Distributed average consensus algorithms (for eg. [2, 3]) can be used in a peer-to-peer network by agents to reach a consensus value, equal to the average of all the agents’ inputs. Some of the applications of distributed average consensus include sensor fusion [4], solving economic-dispatch problem in smart grids [5], and peer-to-peer online voting.

Typical distributed average consensus algorithms require the agents to share their inputs (and intermediate states) with their neighbors [2, 3]. This infringes the privacy of agents’ inputs, which is undesirable as certain agents in the network may be passive adversarial111Passive adversarial agents follow the prescribed protocol unlike active adversarial agents, but can use their information to gather information about the inputs of other agents in the network. and non-trustworthy [6, 7, 8, 9, 10, 11].

If the agents’ inputs are integers (bounded), privacy in distributed average consensus can be achieved by relying on (information-theoretic) distributed secure multi-party computation protocols [12] or homomorphic encryption-based average consensus [10, 13]. In this paper, we are interested in real-valued inputs with known

bound, as several applications of distributed average consensus such as distributed Kalman filtering 

[4], formation control [14] and distributed learning [15]—deal with real-valued agents’ inputs.

Several proposals [6, 8, 9] achieve differential privacy by having agents obscure their intermediate states (or values) by adding locally generated noise in a particular synchronous distributed average consensus protocol. Adding such local noises induces a loss in accuracy [9, 16] and there is an inherent trade-off between privacy and the achievable accuracy (agents are only able to compute an approximation to the exact average value). Schemes in [8, 7] iteratively cancel the noise added over time to preserve the accuracy of the average of all inputs. In the proposed privacy protocol, the random values added by agents to hide their inputs are correlated over space (in context of communication network) than over time, and collectively add up to zero, hence preserving the average value of the inputs. Note that differential privacy guarantees inevitably change if the agents’ inputs are bounded by a value known to all the agents.
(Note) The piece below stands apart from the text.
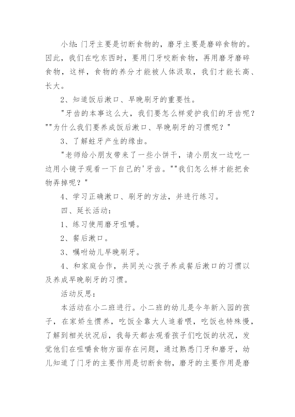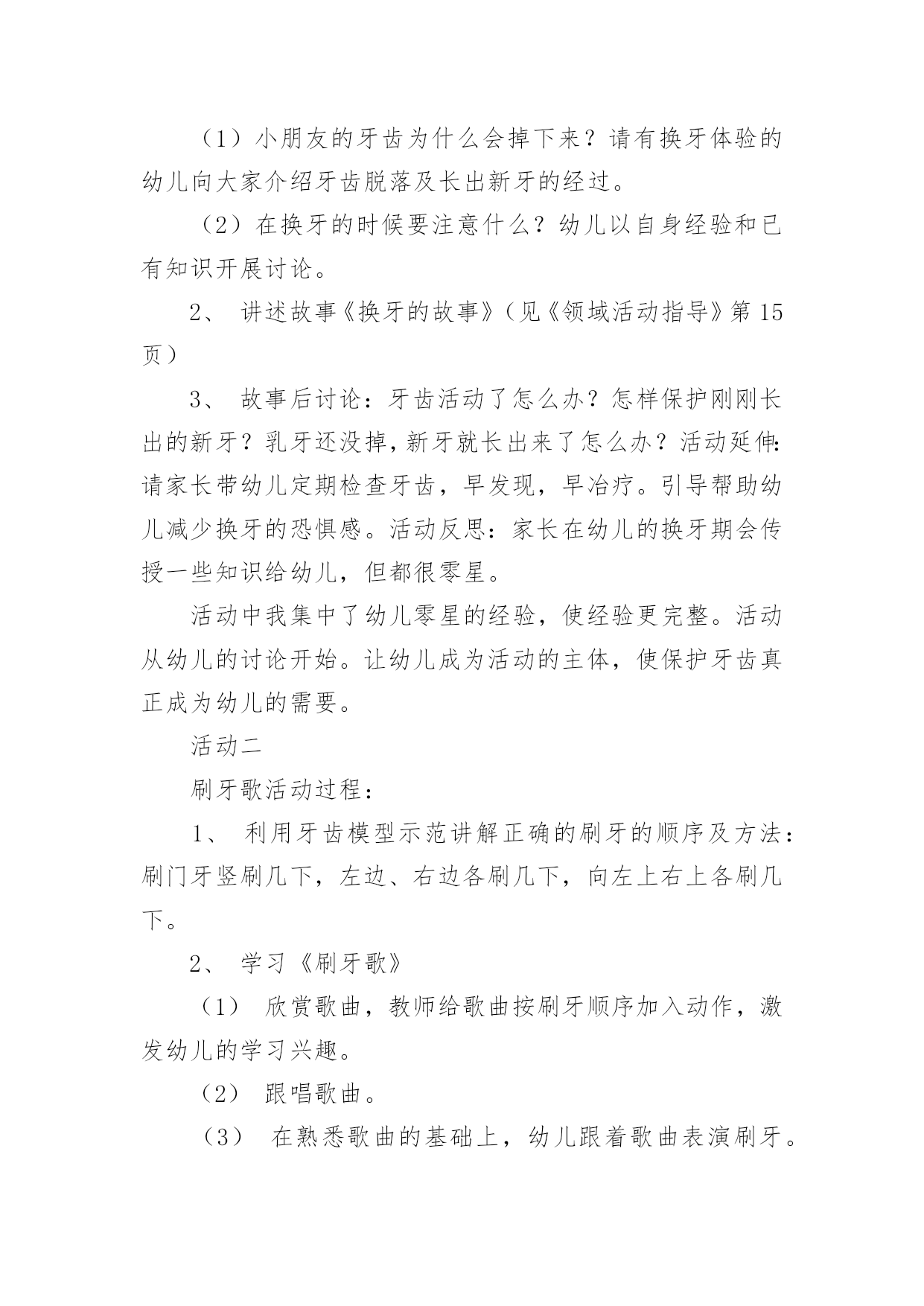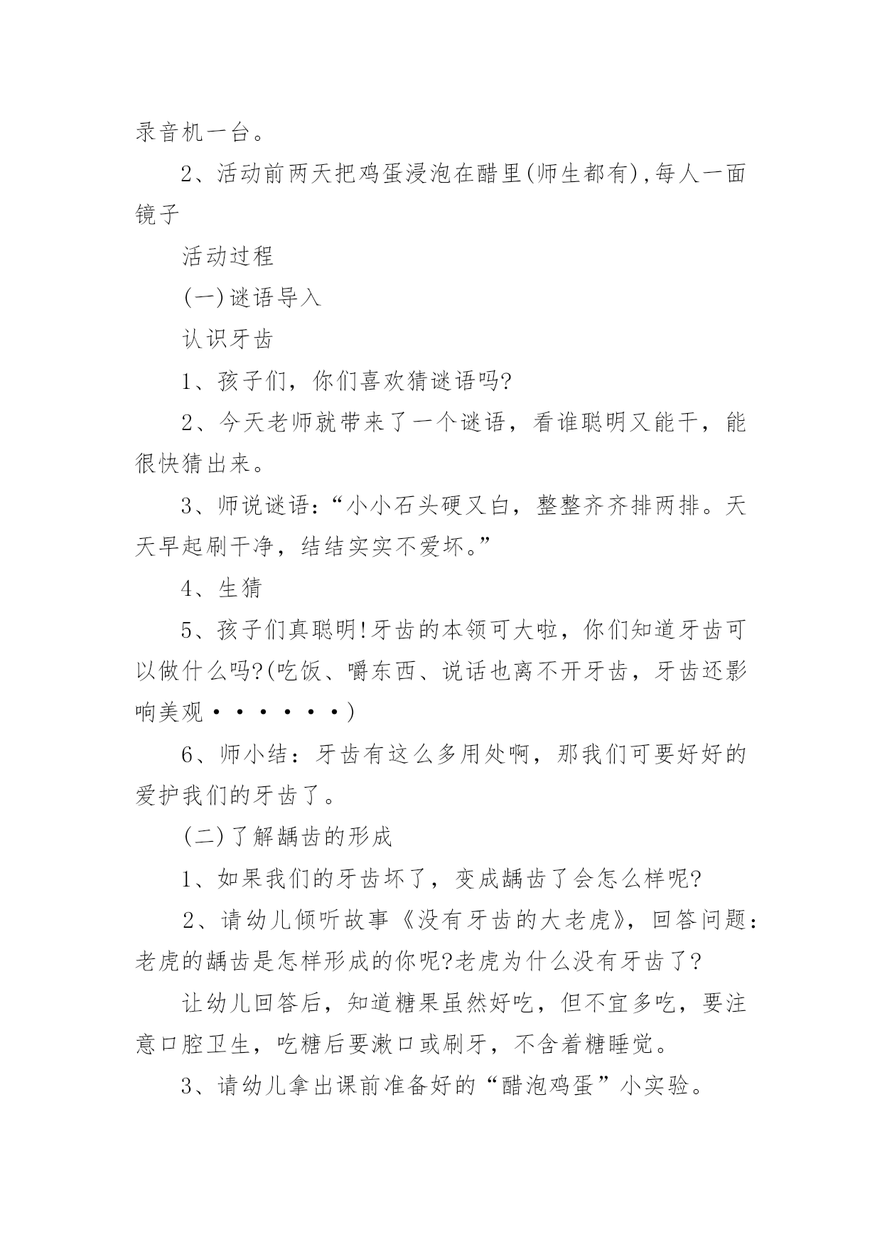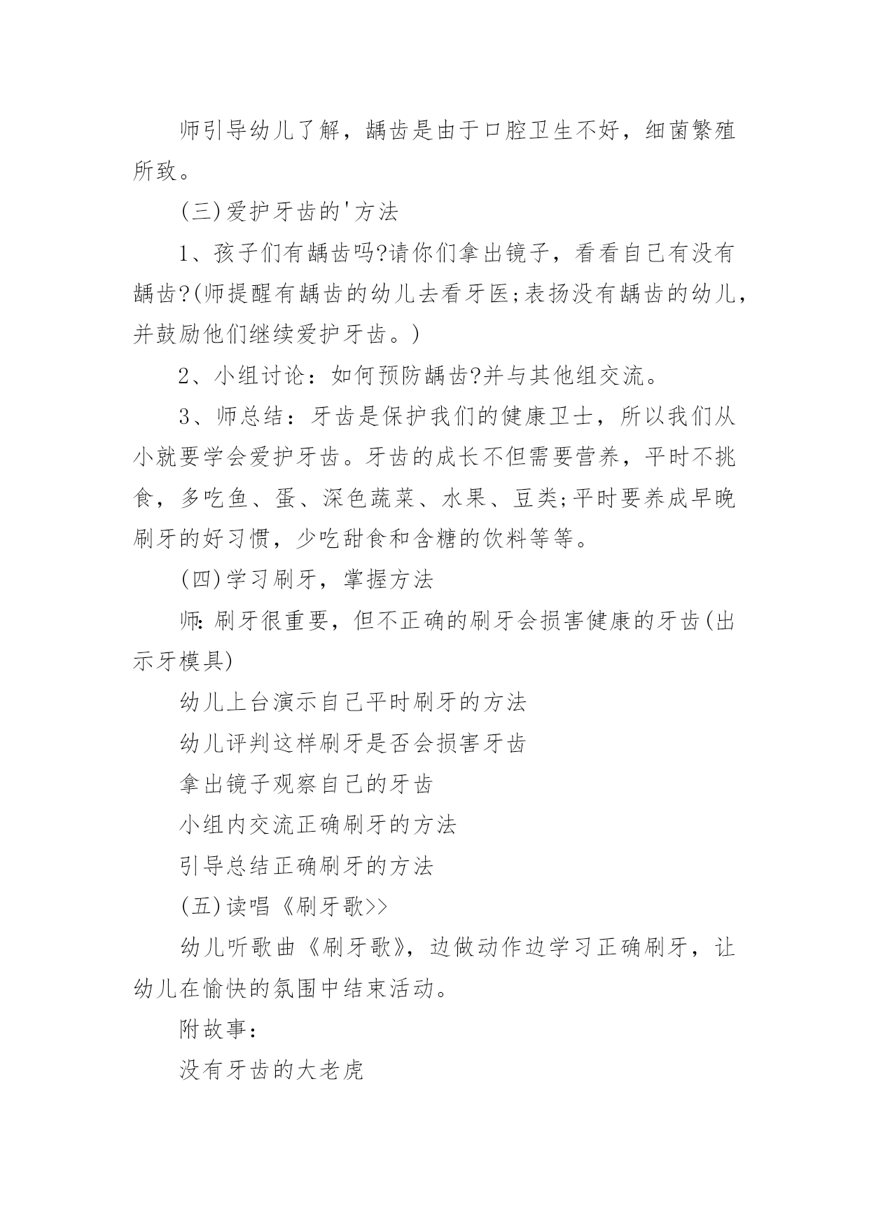 大班健康教案:爱护牙齿作为一名教学工作者,就不得不需要编写教案,教案有利于教学水平的提高,有助于教研活动的开展。那么应当如何写教案呢?以下是小编精心整理的大班健康教案:爱护牙齿,仅供参考,大家一起来看看吧。大班健康教案:爱护牙齿1活动目标:1、熟悉牙齿特征,初步了解牙齿作用。2、知道门牙和磨牙的的使用方法。3、能养成餐后漱口的习惯。4、乐观的参加活动,大胆的说出自己的想法。5、幼儿可以用完整的一般话进行沟通。活动预备:1、学问阅历预备:熟悉牙齿、牙刷,有刷牙阅历。2、物质材料预备:茶杯、镜子(每个小朋友各一);牙齿模型一个、奥利奥饼干;ppt《爱惜我们的牙齿》。活动过程:1、出示牙齿模型,熟悉牙齿特征。熟悉上牙、下牙、门牙、磨牙,知道门牙、磨牙的不同用处。"请小朋友看看小镜子,你的牙齿长在哪里?""牙齿长得都一样吗?""哪里不一样?""吃东西的时候你门牙会怎么做?磨牙又做什么呢?"小结:门牙主要是切断食物的,磨牙主要是磨碎食物的。因此,我们在吃东西时,要用门牙咬断食物,再用磨牙磨碎食物,这样,食物的养分才能被人体汲取,我们才能长高、长大。2、知道饭后漱口、早晚刷牙的重要性。"牙齿的本事这么大,我们要怎么样爱护我们的牙齿呢?""为什么我们要养成饭后漱口、早晚刷牙的习惯呢?"3、了解蛀牙产生的缘由。"老师给小朋友带来了一些小饼干,请小朋友一边吃一边用小镜子观看一下自己的'牙齿。""我们怎么样才能把食物弄掉呢?"4、学习正确漱口、刷牙的方法,并进行练习。四、延长活动:1、练习使用磨牙咀嚼。2、餐后漱口。3、嘱咐幼儿早晚刷牙。4、和家庭合作,共同关心孩子养成餐后漱口的习惯以及养成早晚刷牙的习惯。活动反思:本活动在小二班进行。小二班的幼儿是今年新入园的孩子,在家娇生惯养,吃饭全靠大人追着喂,吃饭也特殊慢,了解到相关状况后,我每天都去观看孩子们吃饭的状况,发觉他们在咀嚼食物方面存在问题,通过熟悉门牙和磨牙,幼儿知道了门牙的主要作用是切断食物,磨牙的主要作用是磨碎食物,并知道了饭后要漱口的卫生要求,在后续的观看中,看到孩子们都在用磨牙咀嚼食物以及饭后漱口的习惯以及养成,感到特别欣慰,这也是作为保健医生能为老师和幼儿出的一点微薄之力。大班健康教案:爱护牙齿2活动由来:最近一段时间,很多幼儿开始换牙。六七岁正是幼儿换牙的时期,所以孩子们经常在一起谈论牙齿的话题。同时,龋齿问题在幼儿中也严重存在,针对这一现状,我们开展了一周的“爱牙周”活动。活动目标:1、幼儿了解自己的牙齿并知道换牙、防止蛀牙的基本知识2、幼儿养成爱护牙齿的良好习惯3、幼儿学习记录和统计活动准备:1、在“每周论坛”中布置“爱护牙齿专题”,展示有关保护牙齿的知识。2、牙齿模型3、刷牙记录表4、嗽口记录表5、活动课件活动一牙齿的故事活动过程:1、谈话:(1)小朋友的牙齿为什么会掉下来?请有换牙体验的幼儿向大家介绍牙齿脱落及长出新牙的经过。(2)在换牙的时候要注意什么?幼儿以自身经验和已有知识开展讨论。2、讲述故事《换牙的故事》(见《领域活动指导》)3、故事后讨论:牙齿活动了怎么办?怎样保护刚刚长出的新牙?乳牙还没掉,新牙就长出来了怎么办?活动延伸:请家长带幼儿定期检查牙齿,早发现,早冶疗。引导帮助幼儿减少换牙的恐惧感。活动反思:家长在幼儿的换牙期会传授一些知识给幼儿,但都很零星。活动中我集中了幼儿零星的经验,使经验更完整。活动从幼儿的讨论开始。让幼儿成为活动的主体,使保护牙齿真正成为幼儿的需要。活动二刷牙歌活动过程:1、利用牙齿模型示范讲解正确的刷牙的顺序及方法:刷门牙竖刷几下,左边、右边各刷几下,向左上右上各刷几下。2、学习《刷牙歌》(1)欣赏歌曲,教师给歌曲按刷牙顺序加入动作,激发幼儿的学习兴趣。(2)跟唱歌曲。(3)在熟悉歌曲的基础上,幼儿跟着歌曲表演刷牙。活动延伸:请家长让幼儿选择自己喜欢的牙刷、牙膏,引起幼儿对刷牙的兴趣,培养幼儿早晚刷牙及食后嗽口的良好卫生习惯。活动反思:经过调查发现,幼儿都知道刷牙可以保护牙齿,但事实上很多幼儿不喜欢刷牙,不知道怎样正确刷牙。活动中不仅让幼儿懂得如何正确刷牙,而且让刷牙有了音乐,有了乐趣。请家长让幼儿选择自己喜欢的牙刷、牙膏,体现了对幼儿的尊重。不能强迫,只有让幼儿意识上接受了,才能让他愿意刷牙,喜欢刷牙。活动三酸性大怪物活动准备:课件、镜子、食物(苹果)、牙签、记录纸。活动过程:1、认识牙齿的结构和功能(1)(出示牙齿标志)从镜子里看看自己的牙齿,看看牙齿有什么不一样。(2)请幼儿吃一片苹果,试一试不同牙齿的不同作用。3)小结。2、认识龋齿的原因和预防(1)这么重要的牙齿为什么会变成蛀牙呢?A。观看片子:酸性大怪物B。请患有龋齿的幼儿谈谈自己的感受。(2)怎样才能不让自己的牙齿生病。A.幼儿讲述B。小结。3、观察并记录自己的牙齿你知

In this paper, we are interested in statistical privacy guarantee specifically for the case when inputs have a known bound.

Scheme in [17] proposes re-designing of network link weights to limit the observability of agents’ inputs but every agent’s input gets known to its neighbors. The scheme of Gupta et al. [18] assumes a centralized (thus, not distributed), trusted authority that distributes information to all agents each time they wish to run the consensus algorithm.

We note that some of the above solutions [6, 7, 8, 9] require synchronous execution of the agents, whereas our privacy protocol is asynchronous (refer Section III). Moreover, this is the first paper, to the best of authors’ knowledge, to propose a privacy protocol for distributed average consensus on bounded real-value inputs where bounds are apriori known. It is important to note that prior knowledge of inputs’ bounds makes the privacy problem more challenging and renders the existing claims on differential privacy invalid.

I-a Summary of Contribution

We develop on our previous works [1, 11] to propose a privacy protocol that guarantees statistical privacy of honest (non-adversarial) agents’ inputs against colluding passive adversarial agents in any distributed average consensus over bounded (bounds known to all agents) real-valued inputs. In [11] we proposed a general approach for achieving privacy in distributed average consensus protocols for both real-valued and integral inputs. However, the privacy guarantee in [11] is weaker and uses relative entropy (KL-divergence) instead of the more standard statistical distance for privacy analysis. It is to be noted that the privacy approach in [1, 11] for integral inputs is quite similar to the one proposed by Emmanuel et al. [19]. However, [19] only considers a complete network topology which is relaxed in our work. Moreover, we focus on real-valued inputs and thus, the privacy scheme in [19] is not readily applicable. The privacy scheme in [19] has been extended for privacy in distributed optimization by [20] for real-valued agents’ costs (equivalent to ‘inputs’ in our case). However, the privacy analysis in [20] does not provide any formal quantification on privacy guaranteed, and is not applicable to the case when the inputs are bounded with bounds being known apriori to all the agents.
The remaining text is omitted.